Bulk RNA-Seq data analysis

Raw reads were aligned to the reference human genome assembly GRCh37 (hg19) using STAR (v2.5.2.a). To improve spliced alignment, STAR was provided with exon junction coordinates from the reference annotations (Gencode v19). We applied a modified version of a bioinformatics workflow for normalization of raw read counts and differential gene expression analysis57. Gene-level read counts were quantified using HTSEQ-count (v0.11.0; intersection-strict, reverse mode)58. Genes showing low read counts (i.e., genes not showing counts per million (cpm) > 1.0 in at least 10% of samples) were removed from further analysis. Raw counts from expressed genes were then TMM-normalized and scaled to counts per million (CPM) using the edgeR (v3.22.2) package59.

Differential gene expression analysis was performed in R (v4.1.1) using the DESeq2 package (v1.34). Batch correction was performed to account for sample source (cell suspension vs. snap frozen whole tissue) using the removeBatchEffect function in limma (v3.50.3). Differentially expressed genes were filtered for absolute log2 fold-change > 1 and Benjamini-Hochberg-corrected p-value <0.05 (2-sided Wald test). Heatmaps were generated using the pheatmap package (v1.0.12).

Targeted sequencing

We used the TruSeq Custom Amplicon assay (TSCA; mean coverage: 767; range: 128–2,039; SD: 180) to identify variants within the protein coding regions of 59 genes commonly mutated in human B-cell lymphomas (Supplementary Data 7)60,61,62. TSCA variants were validated with the Fluidigm Access Array system which achieved a 97% validation rate. Discrepancies between TSCA and Fluidigm results were further validated by Sanger sequencing.

Targeted sequencing data analysis

Reads were mapped with BWA (v0.7.5a). SNVs and indels were predicted with Mutascope (v1.02). SAMtools (v0.1.19) was used to create pileup files and dbSNP (v137) for SNP annotation. All variants with an allele frequency of ≥5% at loci covered at least 50-fold were retained.

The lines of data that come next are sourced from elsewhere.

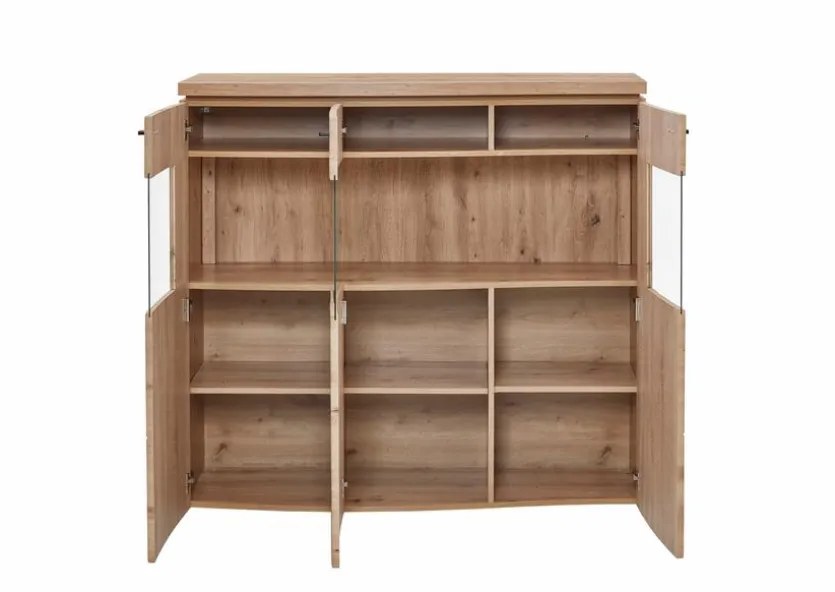 Das Highboard Rondo besticht durch seine hohe Qualität und sein rustikales Design. Dank mehrerer Einlegeböden sorgt die Kommode für reichlich Platz in Ihrem Wohnbereich. Durch seine Glasfront bietet das Highboard Rondo zudem noch die Möglichkeit Bilder, Bücher oder sonstige Dekoobjekte gut sichtbar aufzustellen.
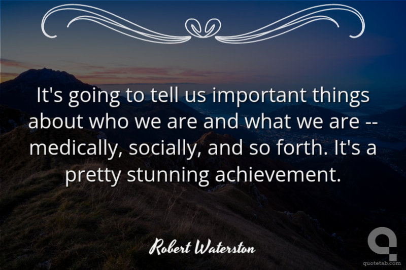 It's going to tell us important things about who we are and what we are -- medically, socially, and so forth. It's a pretty stunning achievement. Robert Waterston
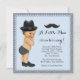 Invitation Mustache Little Man Bleu et Baby shower noir
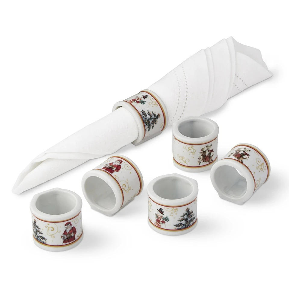 Celebrate the magic of the season with tableware inspired by the legendary 19th-century poem “A Visit from St. Nicholas.” Each collectable napkin ring is decorated with a colourful vintage-style image, highlighted by metallic gold detailing.
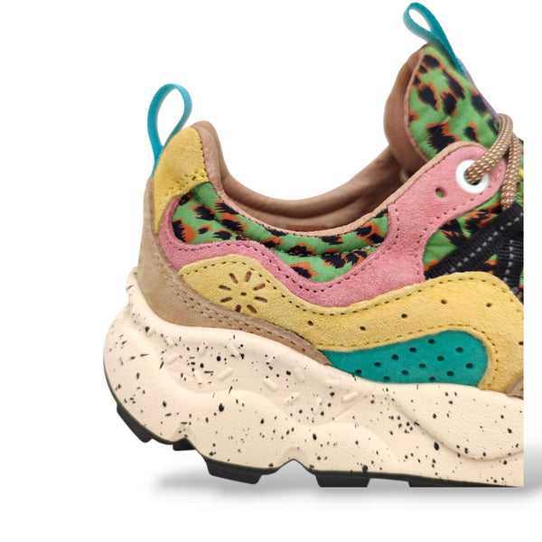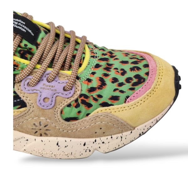 Le Flower Mountain Yamano 3 Print sono sneakers che uniscono il design giapponese alla qualità artigianale italiana. Ispirate alla natura e al trekking, queste scarpe offrono una fusione di tessuti tecnici e pelle, con dettagli come lacci da trekking e iconici occhielli in pelle. La fodera in pelle e il sottopiede in sughero naturale, trattato con AGION per prevenire muffe e batteri, garantiscono igiene e comfort. La suola in gomma leggera con particolare grip è ideale per le attività outdoor, rendendole perfette per chi cerca stile e funzionalità
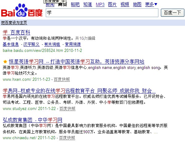 2、基于統計:百度把一個詞標紅的原因:標紅的詞一般是一個關鍵詞,你搜索“學”字的時候,百度它自認的把“學習”也當成了一個關鍵詞,所以出現“學習”這個詞標紅,這就是百度分詞法:基于統計分詞。

IGHV mutation status assessment

To identify the immunoglobulin heavy-chain variable (IGHV) mutation status from bulk RNA-seq data, we developed an in-house pipeline63 motivated by the work of Balchly et al64. Briefly, we performed de novo assembly of the paired-end RNA-seq reads using Trinity (v2.1.1)65 to construct IGHV transcripts. We selected the most abundant and productive IGHV transcript to define somatic hypermutation status. The selected transcript sequence was queried against NCBI IgBLAST (v1.14.0) to identify IGH-V, D, and J genes. IgBLAST was used with default parameters to detect percent identity between the query and the highest similarity germline IGHV gene.

Statistical analyses

All statistical tests were performed as two-sided tests where applicable using R packages (v3.3-v3.5 & v4.1.1) or Prism v8 (GraphPad).

Clinical outcome analyses

We defined transformation based on biopsy-confirmed histology consistent with diffuse large B-cell lymphoma or clinical criteria as outlined previously1 where at least one of the following were present: sudden rise in LDH to greater than or equal to twice the upper limit of normal, rapid discordant localized nodal growth detected clinically or by imaging studies, new involvement of unusual extranodal sites, new B symptoms, or development of new hypercalcemia. Non-parametric Kaplan-Meier (KM) survival, semi-parametric Cox regression, and weighted Cox regression analyses where necessary were performed. While there were no significant non-linear patterns in the survival models, the constant hazard ratio (HR) assumption did not hold for all models. We applied the regular Cox model for those with constant HR; otherwise, a weighted Cox model with estimated average HR was used.

Reporting summary

Further information on research design is available in the Nature Research Reporting Summary linked to this article.